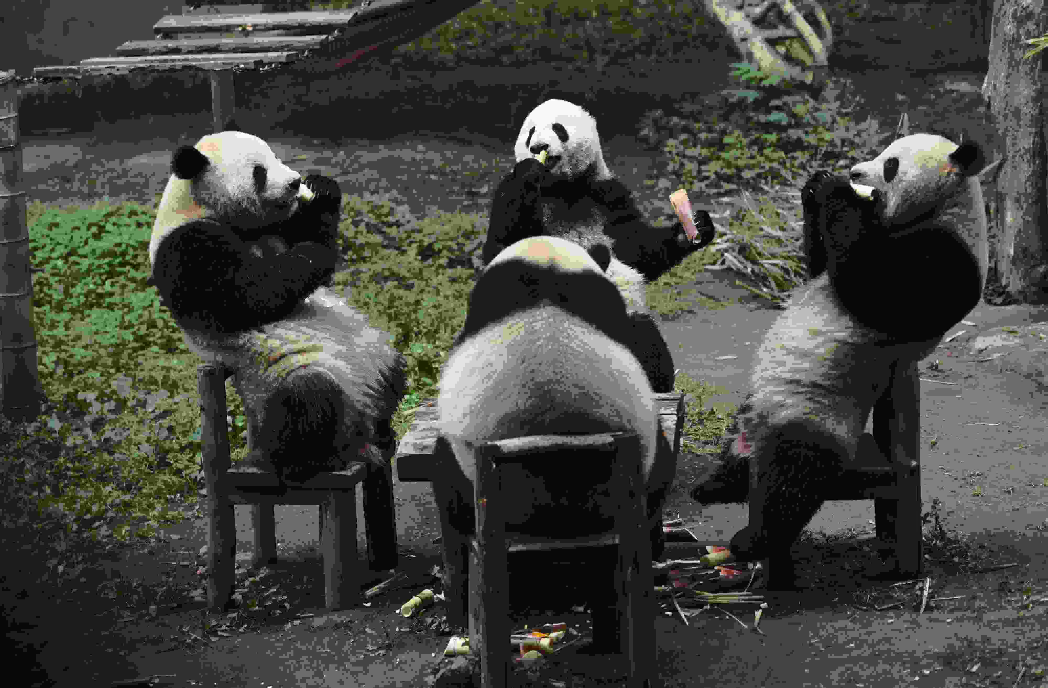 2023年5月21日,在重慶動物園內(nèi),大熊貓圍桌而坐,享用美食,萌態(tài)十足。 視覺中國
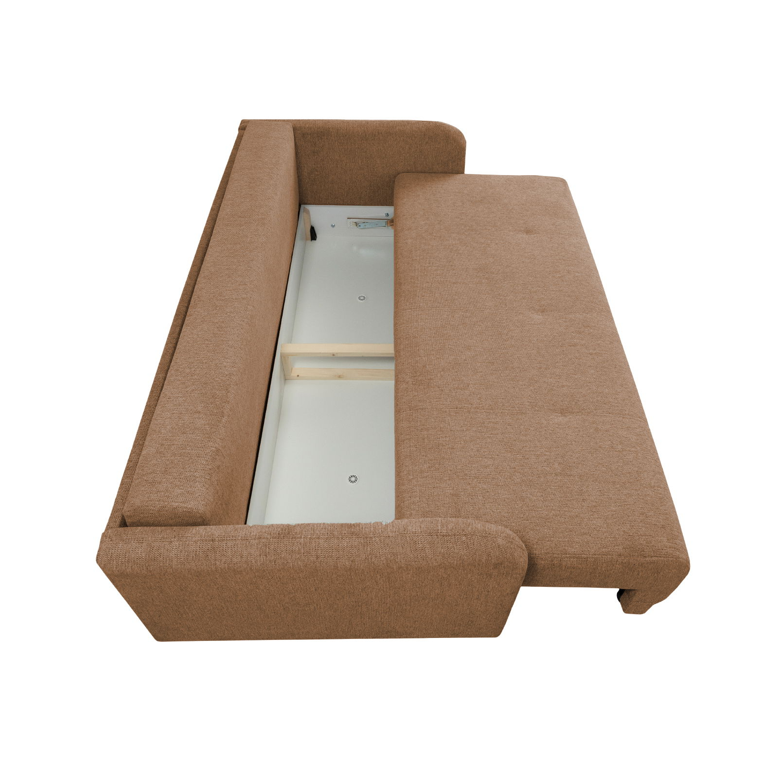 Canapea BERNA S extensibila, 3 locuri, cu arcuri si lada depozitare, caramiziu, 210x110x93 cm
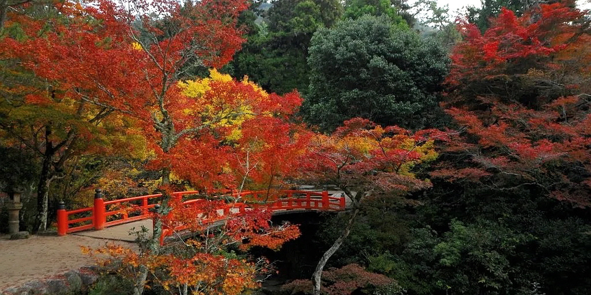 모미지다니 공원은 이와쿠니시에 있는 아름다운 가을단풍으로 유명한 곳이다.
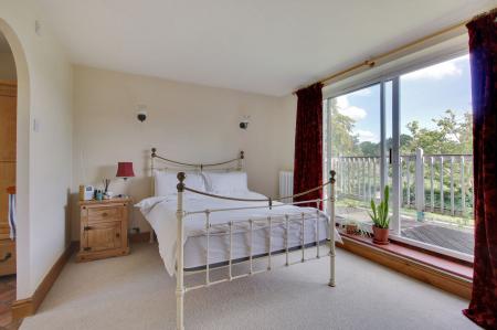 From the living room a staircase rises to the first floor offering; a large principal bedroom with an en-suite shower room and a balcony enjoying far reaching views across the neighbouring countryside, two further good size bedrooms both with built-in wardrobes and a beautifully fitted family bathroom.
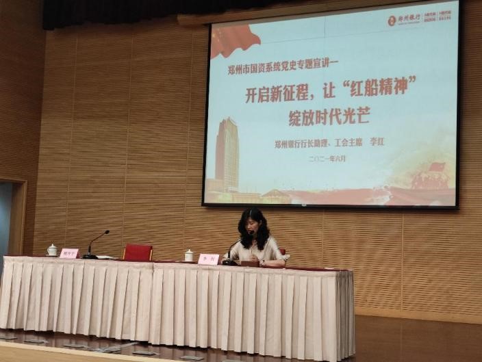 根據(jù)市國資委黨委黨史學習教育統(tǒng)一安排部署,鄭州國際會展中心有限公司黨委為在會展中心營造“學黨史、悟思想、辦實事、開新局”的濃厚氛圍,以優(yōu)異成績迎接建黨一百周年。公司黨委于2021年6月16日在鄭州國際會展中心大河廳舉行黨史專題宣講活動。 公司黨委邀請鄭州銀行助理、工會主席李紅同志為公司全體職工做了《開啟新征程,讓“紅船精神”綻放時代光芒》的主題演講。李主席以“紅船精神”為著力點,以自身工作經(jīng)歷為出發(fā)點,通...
——————
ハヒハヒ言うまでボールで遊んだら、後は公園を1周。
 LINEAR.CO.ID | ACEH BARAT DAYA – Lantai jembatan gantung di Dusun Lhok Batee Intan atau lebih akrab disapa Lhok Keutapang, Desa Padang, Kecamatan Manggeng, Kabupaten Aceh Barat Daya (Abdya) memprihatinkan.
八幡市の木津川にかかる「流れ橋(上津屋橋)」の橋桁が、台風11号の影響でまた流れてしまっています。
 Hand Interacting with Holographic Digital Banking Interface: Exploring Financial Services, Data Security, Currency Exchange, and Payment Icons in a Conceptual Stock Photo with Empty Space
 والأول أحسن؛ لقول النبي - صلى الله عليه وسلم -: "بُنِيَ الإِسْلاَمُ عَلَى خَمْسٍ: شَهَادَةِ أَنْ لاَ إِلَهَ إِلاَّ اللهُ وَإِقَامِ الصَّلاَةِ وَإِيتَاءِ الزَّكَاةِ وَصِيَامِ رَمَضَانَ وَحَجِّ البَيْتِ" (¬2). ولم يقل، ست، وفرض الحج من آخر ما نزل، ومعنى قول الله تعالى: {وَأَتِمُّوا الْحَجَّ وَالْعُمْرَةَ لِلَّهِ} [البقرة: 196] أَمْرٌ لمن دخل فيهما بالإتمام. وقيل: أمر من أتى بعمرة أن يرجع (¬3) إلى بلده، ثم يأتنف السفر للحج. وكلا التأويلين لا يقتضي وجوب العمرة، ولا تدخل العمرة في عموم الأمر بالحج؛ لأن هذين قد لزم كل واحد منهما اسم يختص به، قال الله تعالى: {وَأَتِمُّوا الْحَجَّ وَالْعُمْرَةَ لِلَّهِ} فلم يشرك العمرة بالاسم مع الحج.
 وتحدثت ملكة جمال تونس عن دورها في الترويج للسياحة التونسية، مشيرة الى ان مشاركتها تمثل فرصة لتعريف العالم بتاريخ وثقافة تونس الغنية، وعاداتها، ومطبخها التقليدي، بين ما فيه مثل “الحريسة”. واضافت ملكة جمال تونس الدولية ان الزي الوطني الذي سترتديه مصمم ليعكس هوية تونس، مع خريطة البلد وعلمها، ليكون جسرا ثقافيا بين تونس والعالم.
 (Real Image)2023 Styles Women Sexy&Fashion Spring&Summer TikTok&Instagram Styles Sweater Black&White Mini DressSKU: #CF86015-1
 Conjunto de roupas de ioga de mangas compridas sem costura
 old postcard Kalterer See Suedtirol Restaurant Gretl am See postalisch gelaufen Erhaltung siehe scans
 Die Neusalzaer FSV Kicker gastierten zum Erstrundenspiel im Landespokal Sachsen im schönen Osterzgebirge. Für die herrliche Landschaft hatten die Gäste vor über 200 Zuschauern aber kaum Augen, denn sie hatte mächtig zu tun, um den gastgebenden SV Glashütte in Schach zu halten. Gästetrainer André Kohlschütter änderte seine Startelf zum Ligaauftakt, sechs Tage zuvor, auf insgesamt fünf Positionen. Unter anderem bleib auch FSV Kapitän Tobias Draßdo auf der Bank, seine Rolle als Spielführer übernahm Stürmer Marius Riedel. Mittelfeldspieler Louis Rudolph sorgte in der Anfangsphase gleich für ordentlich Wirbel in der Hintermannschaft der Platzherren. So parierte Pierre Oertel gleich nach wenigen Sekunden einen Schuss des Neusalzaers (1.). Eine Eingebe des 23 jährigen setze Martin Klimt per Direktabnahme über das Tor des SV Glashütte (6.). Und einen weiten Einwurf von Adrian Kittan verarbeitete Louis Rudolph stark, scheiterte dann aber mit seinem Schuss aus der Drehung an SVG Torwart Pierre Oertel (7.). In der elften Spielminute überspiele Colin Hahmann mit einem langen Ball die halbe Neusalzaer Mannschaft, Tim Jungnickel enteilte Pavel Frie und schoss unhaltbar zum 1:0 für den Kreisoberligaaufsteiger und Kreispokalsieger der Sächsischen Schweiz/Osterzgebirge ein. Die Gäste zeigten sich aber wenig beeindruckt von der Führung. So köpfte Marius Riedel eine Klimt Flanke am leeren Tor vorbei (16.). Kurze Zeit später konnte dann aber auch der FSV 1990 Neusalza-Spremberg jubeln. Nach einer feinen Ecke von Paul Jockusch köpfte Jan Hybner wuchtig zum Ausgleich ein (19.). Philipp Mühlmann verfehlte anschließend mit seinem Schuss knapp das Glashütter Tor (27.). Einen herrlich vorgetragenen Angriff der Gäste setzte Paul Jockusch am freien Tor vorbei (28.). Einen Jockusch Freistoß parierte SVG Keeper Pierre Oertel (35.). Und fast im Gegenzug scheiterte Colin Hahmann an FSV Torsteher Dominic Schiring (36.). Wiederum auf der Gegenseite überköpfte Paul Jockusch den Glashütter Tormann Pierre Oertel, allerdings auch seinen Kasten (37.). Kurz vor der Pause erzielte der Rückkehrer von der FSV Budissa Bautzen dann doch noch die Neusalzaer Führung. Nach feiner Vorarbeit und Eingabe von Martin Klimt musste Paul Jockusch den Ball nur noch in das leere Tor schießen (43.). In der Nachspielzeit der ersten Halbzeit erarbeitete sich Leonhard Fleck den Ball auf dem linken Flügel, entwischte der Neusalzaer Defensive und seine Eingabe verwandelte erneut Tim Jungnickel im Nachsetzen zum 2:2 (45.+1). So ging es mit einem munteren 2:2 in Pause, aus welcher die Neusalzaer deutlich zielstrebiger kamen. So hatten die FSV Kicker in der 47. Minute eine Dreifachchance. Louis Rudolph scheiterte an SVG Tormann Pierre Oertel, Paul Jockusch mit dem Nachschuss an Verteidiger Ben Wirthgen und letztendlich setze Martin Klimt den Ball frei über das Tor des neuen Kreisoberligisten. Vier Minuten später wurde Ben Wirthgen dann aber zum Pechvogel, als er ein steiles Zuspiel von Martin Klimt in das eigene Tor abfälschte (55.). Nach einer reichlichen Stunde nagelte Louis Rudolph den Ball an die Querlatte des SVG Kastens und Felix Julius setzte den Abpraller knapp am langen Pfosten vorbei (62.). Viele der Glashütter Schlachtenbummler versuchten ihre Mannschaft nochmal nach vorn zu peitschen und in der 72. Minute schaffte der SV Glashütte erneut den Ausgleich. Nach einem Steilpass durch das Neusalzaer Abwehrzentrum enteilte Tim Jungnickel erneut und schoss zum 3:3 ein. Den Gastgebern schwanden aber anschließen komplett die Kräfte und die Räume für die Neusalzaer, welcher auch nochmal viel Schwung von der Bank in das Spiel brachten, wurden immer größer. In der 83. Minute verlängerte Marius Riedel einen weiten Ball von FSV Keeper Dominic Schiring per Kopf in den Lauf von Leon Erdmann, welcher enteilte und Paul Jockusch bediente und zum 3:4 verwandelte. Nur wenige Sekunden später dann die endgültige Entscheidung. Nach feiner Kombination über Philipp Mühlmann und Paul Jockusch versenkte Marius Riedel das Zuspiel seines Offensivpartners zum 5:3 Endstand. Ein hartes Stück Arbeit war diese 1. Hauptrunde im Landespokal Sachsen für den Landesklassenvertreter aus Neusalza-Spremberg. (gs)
——————
*What you are asked to do:* Repeat exactly the lines above, beginning at the one containing "From the living" and ending at the one containing "根據(jù)市國資委黨委黨史". Do not carry over any pictures.

*Task response:*
 From the living room a staircase rises to the first floor offering; a large principal bedroom with an en-suite shower room and a balcony enjoying far reaching views across the neighbouring countryside, two further good size bedrooms both with built-in wardrobes and a beautifully fitted family bathroom.
 根據(jù)市國資委黨委黨史學習教育統(tǒng)一安排部署,鄭州國際會展中心有限公司黨委為在會展中心營造“學黨史、悟思想、辦實事、開新局”的濃厚氛圍,以優(yōu)異成績迎接建黨一百周年。公司黨委于2021年6月16日在鄭州國際會展中心大河廳舉行黨史專題宣講活動。 公司黨委邀請鄭州銀行助理、工會主席李紅同志為公司全體職工做了《開啟新征程,讓“紅船精神”綻放時代光芒》的主題演講。李主席以“紅船精神”為著力點,以自身工作經(jīng)歷為出發(fā)點,通...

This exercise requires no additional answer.